President Bush’s nominees to the federal courts have enjoyed the support of a bipartisan majority of senators. Unfortunately, during this past Congress, a partisan minority of senators trampled upon two centuries of Senate tradition upholding the doctrine of majority rule. They have filibustered ten judicial nominees–for the first time in our nation’s history–in order to prevent President Bush’s nominees from receiving an up-or-down vote on the floor of the Senate.

Some Senators are now even claiming that they should have a role in selecting the next nominee to the Supreme Court. The president, of course, is entitled to consult with whomever he wants, but cooperation is a two-way street, and one can certainly understand a president’s reluctance to take advice from those who have obstructed his finest nominees.

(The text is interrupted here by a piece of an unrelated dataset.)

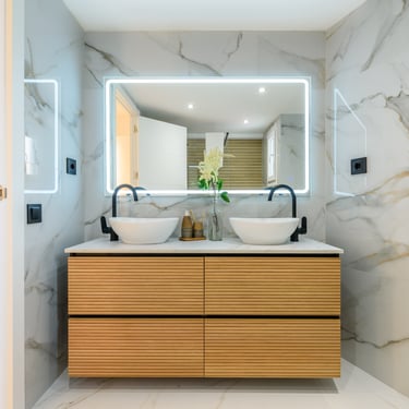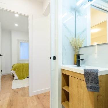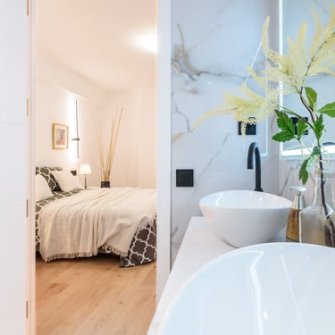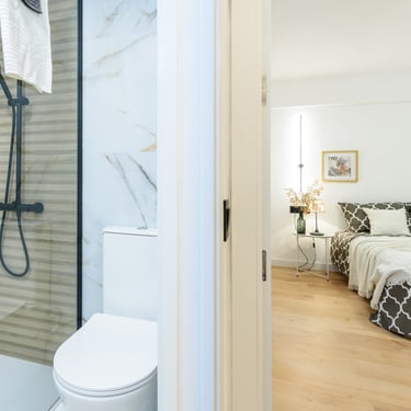 L’habitatge consta de 3 habitacions i 2 banys complets, distribuïts de manera equilibrada per maximitzar la privacitat i el benestar. Una de les habitacions és suite, amb bany integrat i espai ben aprofitat, ideal com a zona de descans personal. Els dos banys estan equipats amb dutxa ampla i acabats d’estètica actual, sanitaris de línies minimalistes, mampara de vidre, paviments porcellànics i detalls que marquen la diferència.

Moreover, the Constitution is clear: The president, alone, nominates judges. The Senate has an important advice-and-consent function, but that function applies only to the confirmation, and not the nomination, of judges. Much has been made of the word “advice,” but as early Senate practice teaches, the Senate’s constitutional function is simply to “advise” whether it considers a particular appointment to be a good idea and, separately, to “consent” to that appointment regardless of the Senate’s own advice. (For example, when the Senate, for the first time, exercised its advice-and-consent function with respect to a treaty, it resolved “[t]hat the Senate do consent to the said convention, and advise the President of the United States to ratify the same.”)

When our last President, Bill Clinton, was presented with two vacancies on the Supreme Court, both of his nominees were given up-and-down votes and confirmed. Neither was filibustered by a partisan minority–despite their clear liberal leanings. Both are distinguished jurists–one, a former general counsel of the American Civil Liberties Union who had written that traditional marriage laws are unconstitutional, and the other, a former Democratic chief counsel of the Senate Judiciary Committee.

Should President Bush be presented with a vacancy on the Supreme Court during his second term in office, his nominee should be granted at least that same courtesy.

* * *

A vacancy on the Supreme Court could occur at any time. A retirement could be announced at the end of the Court’s session in June or July. Or one could be announced in March or April, as was done in 1993 and 1994, thereby giving the president and the Senate additional time to consider a nominee. Finally, a vacancy could arise tragically due to a medical problem.

But whatever the time frame for a Supreme Court vacancy, the process for selecting a successor must reflect the best of our American judiciary, and not the worst of American politics.

U.S. Sen. John Cornyn (R., Texas) chairs the Judiciary Committee’s subcommittee on the Constitution, Civil Rights and Property Rights, and is the only former judge on the committee. He served previously as Texas attorney general, Texas supreme-court Justice, and Bexar County district judge.